Hay muchos capilares alrededor de los alvéolos para permitir:

  • El paso del oxígeno de los alvéolos a la sangre
  • El transporte de dióxido de carbono del torrente sanguíneo a los pulmones

La neumonía puede ser causada por:

  • Microorganismos nocivos (virus, bacterias, parásitos o hongos)
  • Sustancias irritantes (por ejemplo el humo)

El sistema respiratorio tiene cilios a lo largo de toda la membrana mucosa interna que sirven para sacar estas sustancias.
Además, las células de los órganos respiratorios producen moco para facilitar la expulsión de microorganismos y sustancias peligrosas.
Si estos sistemas de defensa no funcionan correctamente debido a la edad o a las alteraciones de la mucosa, las sustancias nocivas pueden penetrar hasta los alvéolos.

En caso de neumonía, los alvéolos se llenan de:

  • Líquido inflamatorio
  • Sangre

La neumonía causa una inflamación con derrame de sangre y fibrina, razón por la cual se llama crupal (causada por Crup) o fibrinosa.

Grupos de personas con alto riesgo

Niños (el sistema inmunológico no está suficientemente desarrollado)

► Ancianos (el sistema inmunológico es más débil)
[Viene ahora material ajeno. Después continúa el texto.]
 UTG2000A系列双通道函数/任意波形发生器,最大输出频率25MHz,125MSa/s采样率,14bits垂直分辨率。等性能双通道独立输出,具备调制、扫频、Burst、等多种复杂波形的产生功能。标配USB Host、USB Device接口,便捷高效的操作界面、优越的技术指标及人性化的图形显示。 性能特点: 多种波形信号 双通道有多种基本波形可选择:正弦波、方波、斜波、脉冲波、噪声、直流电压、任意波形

► Personas con una enfermedad crónica

► Personas con el sistema inmunológico débil a causa de:

  • Enfermedades, por ejemplo la SIDA o un tumor (linfoma, leucemia, etc.)
  • Toma de medicamentos durante mucho tiempo, como los corticoides

► Fumadores, el humo del cigarrillo daña los cilios que se encuentran en la mucosa del sistema respiratorio. Además bloquea la actividad de los macrófagos (glóbulos blancos) que defienden el cuerpo.

► Personas que han tenido un trasplante de órgano recientemente

► Están convalecientes después de una cirugía

La neumonía se caracteriza por síntomas similares a los gripales, pero puede llegar a ser severa.
Puede afectar a un sólo pulmón o a ambos, en este caso se llama bilateral.

 

Mecanismo de defensa contra la neumonía

Normalmente los pulmones son un ambiente estéril, sin embargo es posible encontrar:

  1. Microorganismos inhalados temporalmente
  2. Microorganismos latentes (el individuo está sano, pero los exámenes de laboratorio muestran la presencia de microorganismos)
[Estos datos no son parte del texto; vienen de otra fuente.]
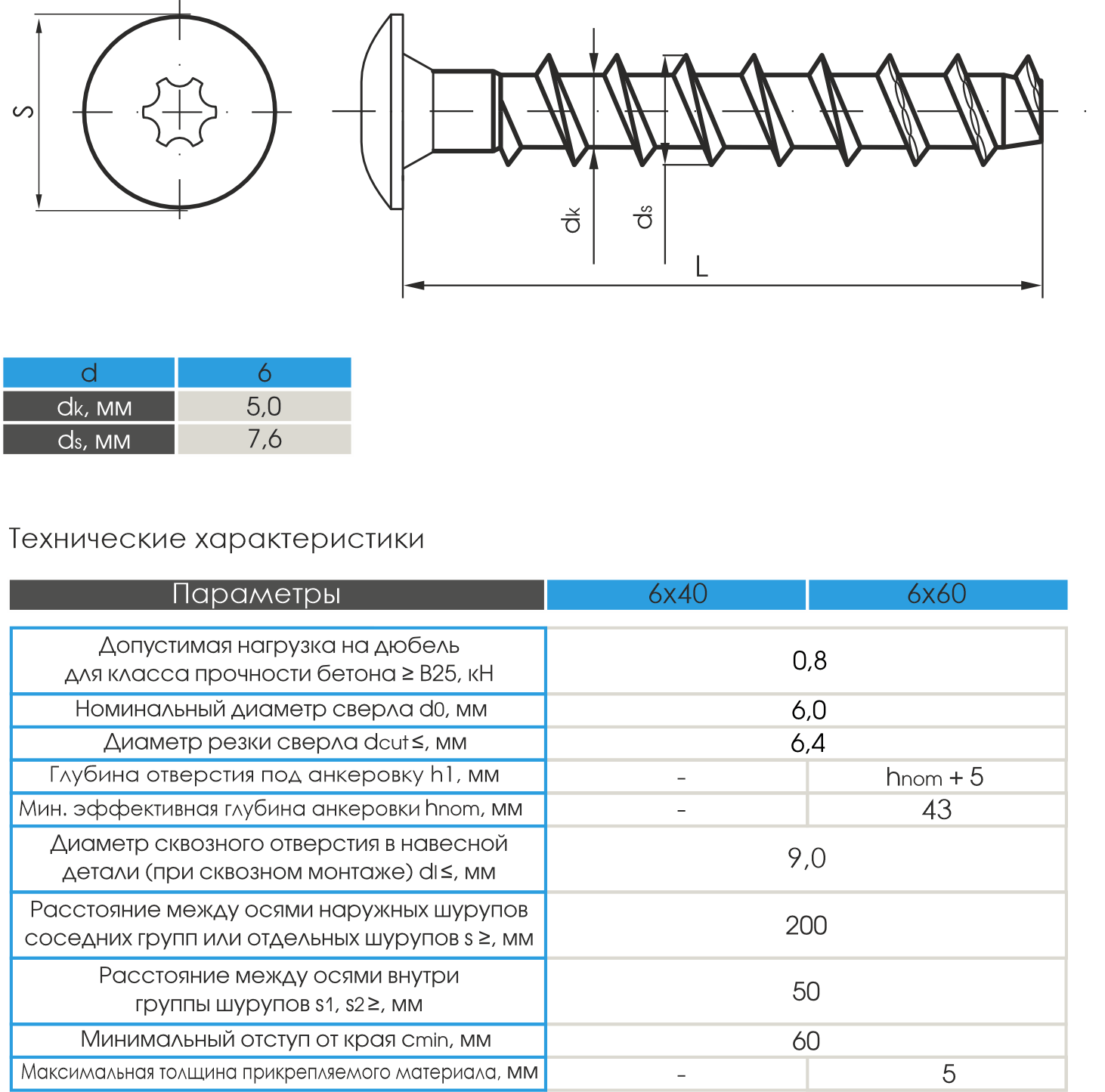 Анкерный шуруп по бетону с заниженной сферической головкой, для монтажа в бетонное основание с цинк-ламельным покрытием. Привод ТХ30.

A nivel de las vías respiratorias altas (cavidades nasales, faringe, etc.), la flora bacteriana es importante porque actúa como barrera contra la entrada de microorganismos dañinos.

Mecanismos de defensa locales

1) Mecanismos mecánicos
Sistema mucociliar: las secreciones de moco son un mecanismo de limpieza muy importante.
El moco contiene sustancias con efecto antimicrobiano que:

  • Garantizan el control de los microorganismos presentes
  • Impiden la formación de infecciones graves

La depuración mucociliar es el movimiento contemporáneo de los cilios vibrantes hacia la boca y la nariz para llevar las partículas sólidas hacia el exterior. Este fenómeno es fundamental para limpiar el sistema respiratorio.
Hay bacterias que pueden inhibir este movimiento.
La consecuencia es la proliferación de estos gérmenes y también de otros microorganismos no peligrosos, pero que en esta situación pueden llegar a ser dañinos.
Los mecanismos que bloquean el descenso de los microorganismos son:

  • Epiglotis (cierre de la epiglotis)
  • Tos
  • Estornudo

2) Mecanismos inmunológicos

  • Fagocitos, en particular, los macrófagos alveolares, constituyen una defensa importante, pero también son la puerta de entrada de microorganismos como el Mycobacterium tuberculosis, la Legionella pneumophila, el Pneumocystis jiroveci, etc.
  • IgA secretoras, sin embargo, algunos microorganismos tienen IgA proteasas (un tipo de enzima) y por lo tanto pueden destruir estos anticuerpos.

Tipos de neumonía

Neumonía viral
Este tipo es mucho más frecuente en el niño y en el anciano (más de 65 años).
En los niños, los virus responsables son principalmente:

  • Adenovirus
  • Virus respiratorio sinicitial (VRS)
  • Virus de la gripe
  • Herpes simple
  • Citomegalovirus

En los adultos y en los ancianos, generalmente los virus que causan la neumonía son los de la gripe.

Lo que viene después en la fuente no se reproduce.